Борясь с эффектом, производимым пением Лоретт на его нервную систему, Эллери старался наблюдать за тем, что происходит с публикой. Его отец склонился вперед, полузакрыв глаза, с улыбкой на стариковских губах, в которой ощущались радостные и горестные воспоминания. Другие лица, которые Эллери сумел различить в почти полной темноте, также вызывали чувство смущения — маски приличия и самоконтроля были с них сорваны; они демонстрировали собой целую гамму эмоций в полной наготе. Зрелище было не из приятных — оно отталкивало и притягивало одновременно. Господи, думал Эллери, эта девушка станет деструктивной социальной силой, она превратит людей в одиноких волков, уничтожит жажду общения среди молодежи и заменит марихуану и ЛСД в колледжских спальнях. Ее пластинки будут продаваться десятками миллионов. Конечно, она не может осознавать потенциальной опасности своего дара, но против нее следует принять закон.

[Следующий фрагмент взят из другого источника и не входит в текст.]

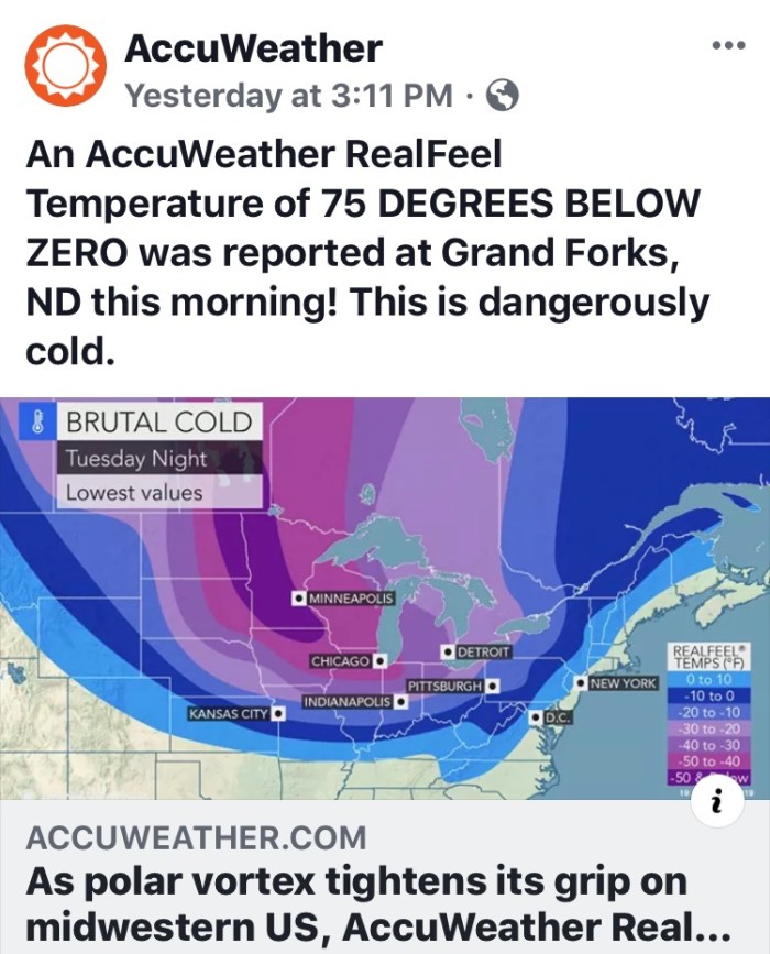 It’s being described as the worst in a generation. Temperatures that feel like -70 degrees F are ravaging the Midwest. Not only is the weather described by God in His words as for judgements it’s prophesied. It’s not global warming it’s God warning the world that He is in control. Just days after New York legalized the killing of babies even up to their birth. Gods wrath is evident. Don’t believe me? Listen to John Piper.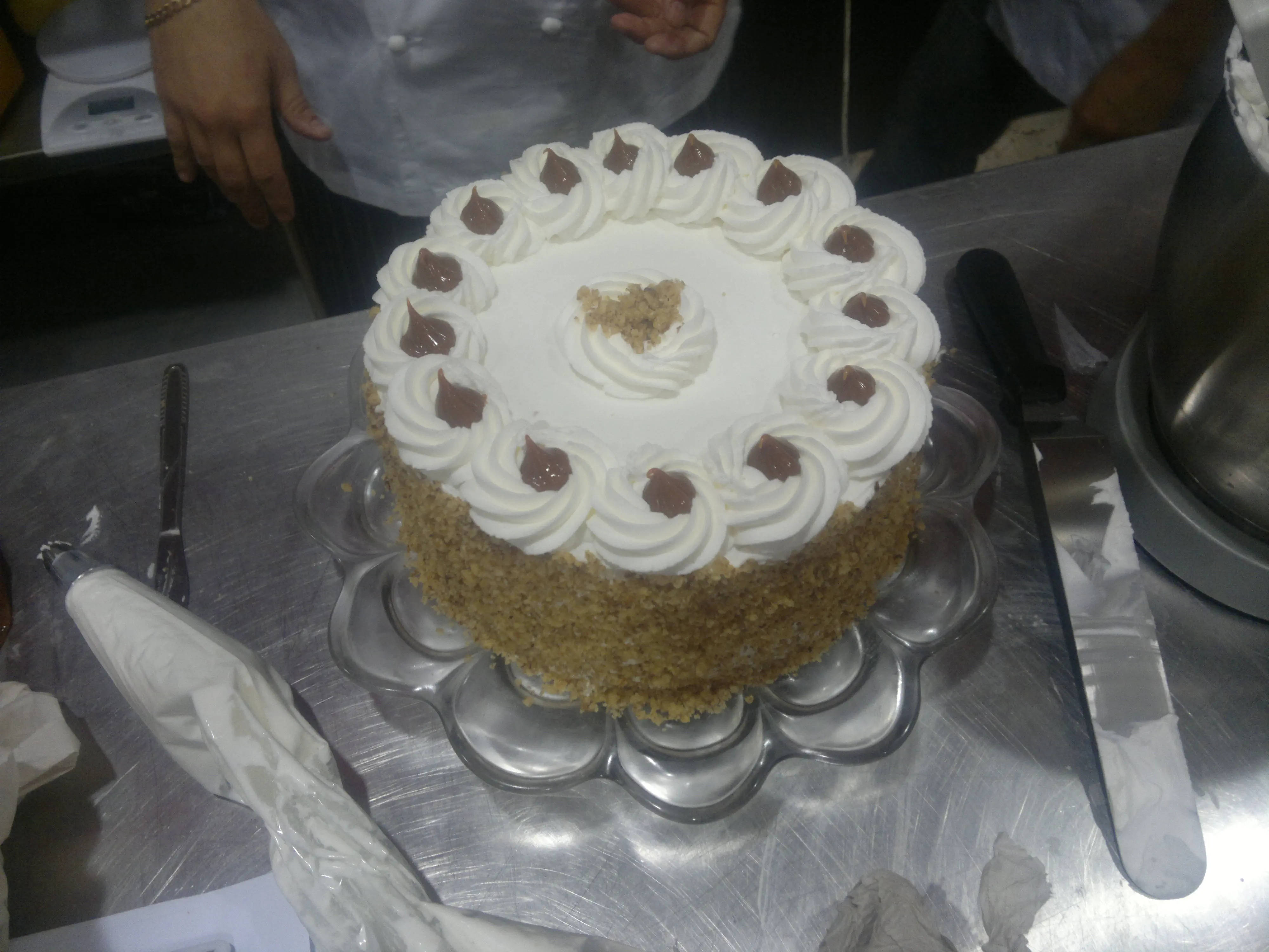 מורחים קרם על כל העוגה כולל דפנות, מיישרים ומקשטים בריבת חלב וקרם, בדפנות מצמידים אגוזים קצוצים...

За первой песней последовал ряд других: «Любовь, любовь», «Ты мое несчастье», «Больше луна не взойдет», «Возьми меня» и «Я хочу умереть».
Руки Лоретт вновь опустились на колени. Казалось, она не слышит рева и грохота аплодисментов, сотрясающих театр. Лоретт сидела, даже не оборачиваясь, опустив взгляд и погрузившись в эхо своего пения. Эллери не сомневался, что таковы были инструкции Оррина Стайна, но он не думал, чтобы девушка реагировала иначе, даже если бы Стайн не дал ей никаких указаний.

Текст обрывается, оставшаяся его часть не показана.